You value as a Bio Data Scientist / Bioinformatician

In your career, your task will be to create value
This is regardless of whether you plan to work in indstry or pursue a research career
What you do has to create value
Creating value requires skills
Skills need to be learned
So, why are you here?

You’re here to gain skills, which will allow you to generate value!
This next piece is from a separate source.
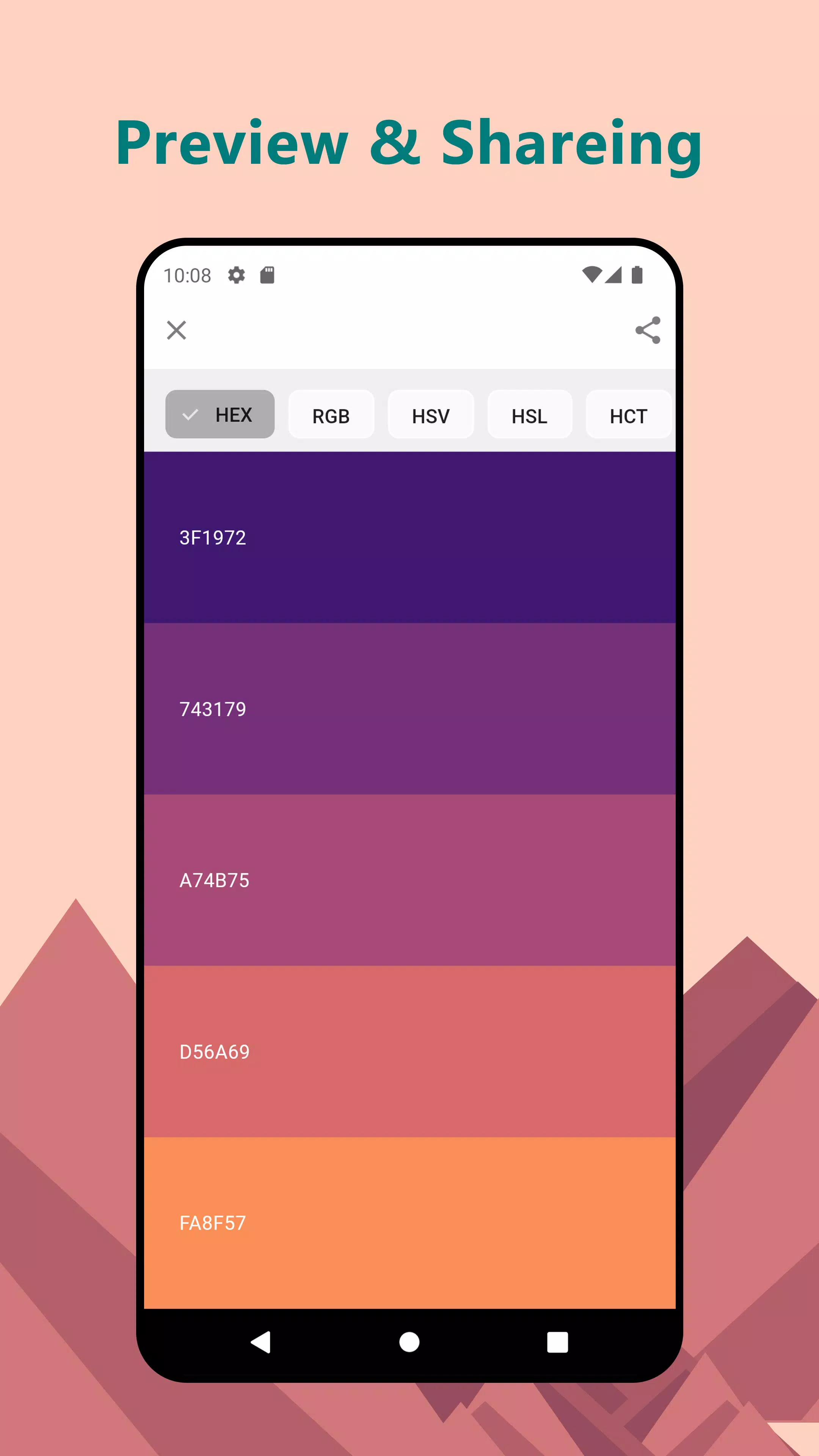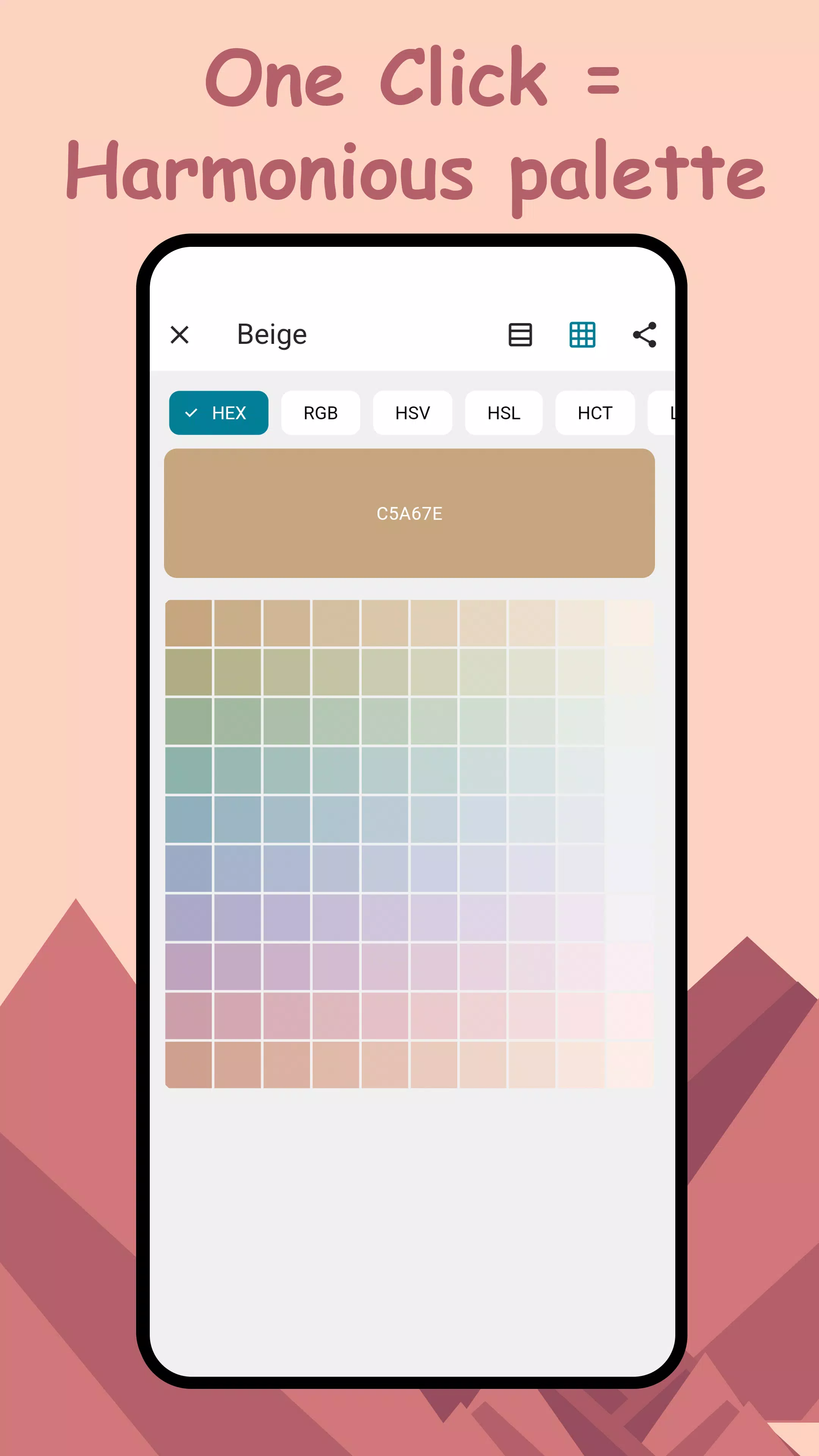 · 分享 - 轻松复制颜色代码或以图片形式分享配色方案。支持以 Hex、RGB、HSV/HSB、HSL、LAB 和 HCT 格式导出和分享。

R for Bio Data Science - What is it?

In essence: The art of converting numbers to value
- Ingest data
- Transform, wrangle, visualise, model
- Output insights

R for Bio Data Science - Intrinsically interdisciplinary

Why “Bio” in R for Bio Data Science?

What is the motivation for this Course?

What will you learn?

The craft of going from raw extracted data to insights
Advanced data visualisation
Collaborative project oriented coding
All with an emphasis on reproducibility and communication

R

Introducing R: A Journey into Bio Data Science

Open-source programming language
Essential tool for statistics & data visualization
Widely used in bioinformatics and data science
Dynamic community & vast library of packages

“To understand computations in R, two slogans are helpful: Everything that exists is an object. Everything that happens is a function call.” – John Chambers (creator of the S language, of which R is an implementation).

The Roots and Rise of R

Originated from the ‘S’ language at Bell Laboratories in the 1970s
S was proprietary, so basically R is an open source implementation of S and was officially released in 1995
This similar to Linux vs. Unix
A leader in statistical computing. Powers many academic research & industry projects
E.g. Crucial in genomics, where R aids in decoding biological data
R comes with a very large and well proven built in tools for data analysis

A Few Examples of Functional Programming

You can approach R as

an object-oriented programming language

Let’s say we have this vector

my_vector <- c(49, 31, 24, 35, 71, 7, 36, 23, 67, 37)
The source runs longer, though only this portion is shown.